Statement by the December 12th Movement.
 
The Congressional Black Caucus (CBC) has been conspicuously silent on Trump’s intervention in Venezuela, a sovereign country which has had democratic elections and which, also, has provided benefits such as subsidized heating oil, to Black communities around the U.S.  Trump and his people have made it clear that the U.S. involvement in Venezuela is about controlling the oil and destroying socialism and that they intend to effect regime change by any means necessary.
            
The CBC was birthed out of the Civil Rights and Black Power struggles of the 1960s as a body to speak for and on behalf of Black people. Over its 48 year history it has taken correct stands against white supremacy, Apartheid South Africa, voter suppression and police brutality. 
 
The current CBC however has sunken so low that it is co-signing a coup d’etat rather than denouncing the Trump actions in Venezuela as a violation of “democracy”, international law and the United Nations Charter. Unfortunately this CBC retreat from its progressive origins is not a surprise.

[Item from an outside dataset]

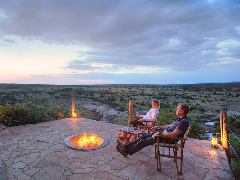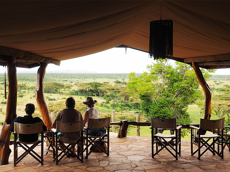 Basecamp Explorer Eagle View ligt in het Naboisho Conservancy, op een heuveltop met uitzicht op een water hole, en grenst direct aan het Masai Mara Game Reserve.

Its 2018 support of the Congressional Amendment to increase the sanctions against Zimbabwe had already indicated the CBC’s willingness to support the Trump policy of regime-change in a country which represents no threat to the U.S. Trump is punishing Zimbabwe for having the audacity to take back the lands stolen by White settler-colonizers and returning them to the indigenous population.
            
Over 60 years ago W.E.B. DuBois stated that “I believe that democracy has so far disappeared in the United States that no two evils exist. There is but one evil party with two names.” The CBC position on Venezuela and Zimbabwe illustrates the continuing truth of Dubois’s observation. If it is not going to stand for Black folks’ interests, it has no reason to exist.
 
It is not too late for the CBC to return to its roots and actively and vocally oppose Trump’s plans for regime change in Venezuela and Zimbabwe. Black people and the times demand it.